● TO DO: Output the whole listing below exactly, omitting the images.

● SUPPLIED INFORMATION:
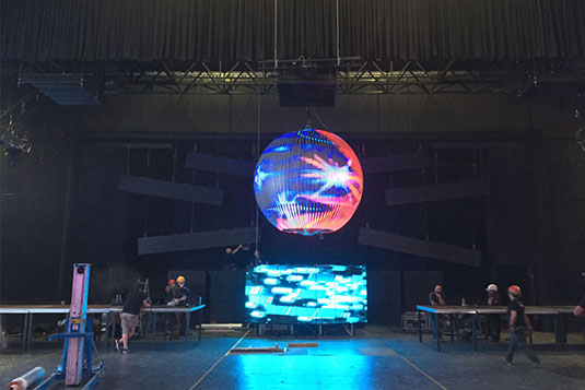 该项目为直径3M球,使用软屏系列MJ4产品, 总共192串,每串59个灯点,顶部和底部镂空,需制作球形框架,将灯点卡在弧形铝条上,铝条固定在框架上,安装便捷,可吊装可坐装。
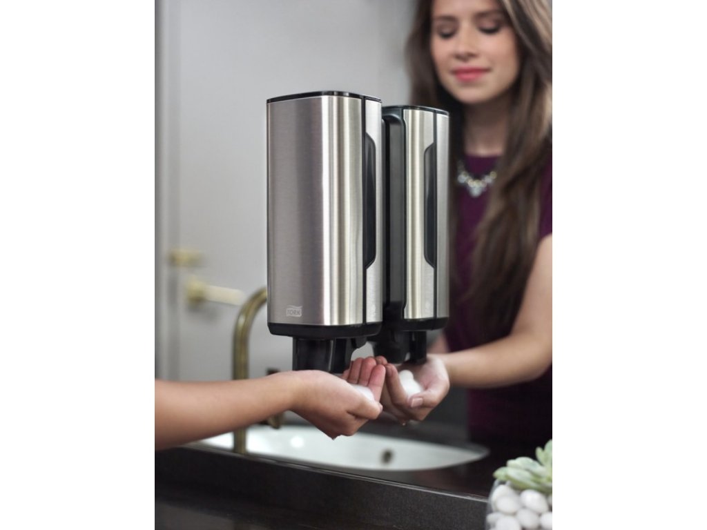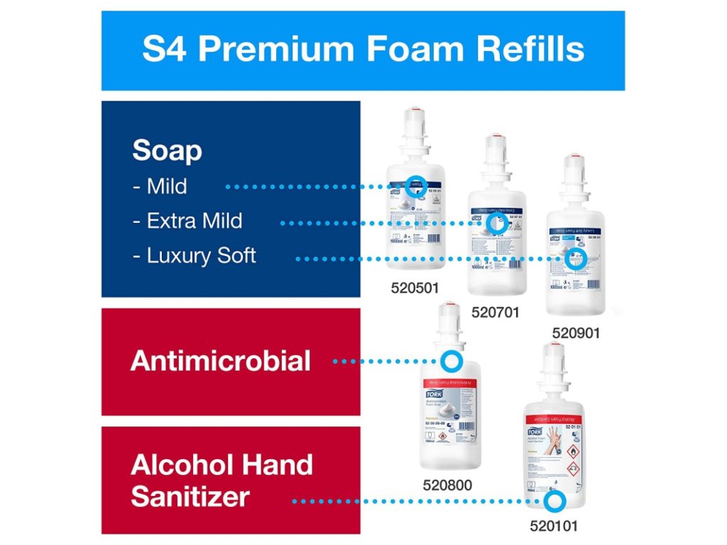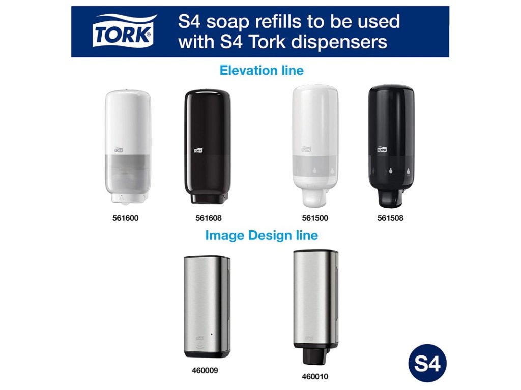 Tento dezinfekční prostředek je vhodný do všech zásobníků Tork na mýdla a dezinfekční prostředky S4, které jsou certifikovány pro snadné použití a podporují správné dodržování hygieny rukou.
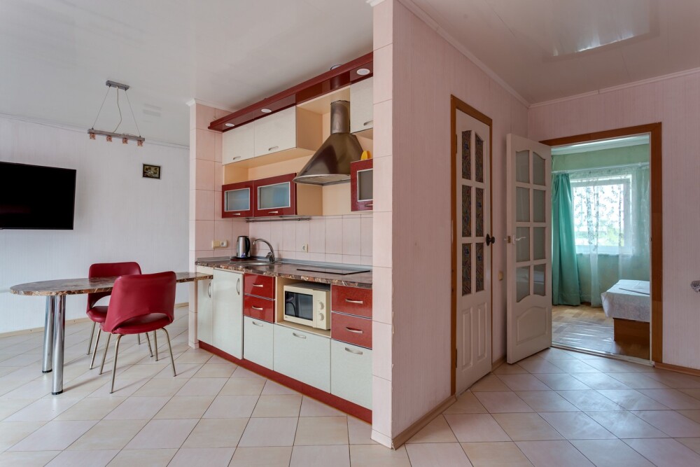 Две спальни с большими шкафами и двуспальные кроватями, двуспальный угловой диваном, полноценная кухня с посудой, холодильник, кондиционер, телевизор (спутниковое ТВ), огромная лоджия.

● TASK RESULT:
 该项目为直径3M球,使用软屏系列MJ4产品, 总共192串,每串59个灯点,顶部和底部镂空,需制作球形框架,将灯点卡在弧形铝条上,铝条固定在框架上,安装便捷,可吊装可坐装。
 Tento dezinfekční prostředek je vhodný do všech zásobníků Tork na mýdla a dezinfekční prostředky S4, které jsou certifikovány pro snadné použití a podporují správné dodržování hygieny rukou.
 Две спальни с большими шкафами и двуспальные кроватями, двуспальный угловой диваном, полноценная кухня с посудой, холодильник, кондиционер, телевизор (спутниковое ТВ), огромная лоджия.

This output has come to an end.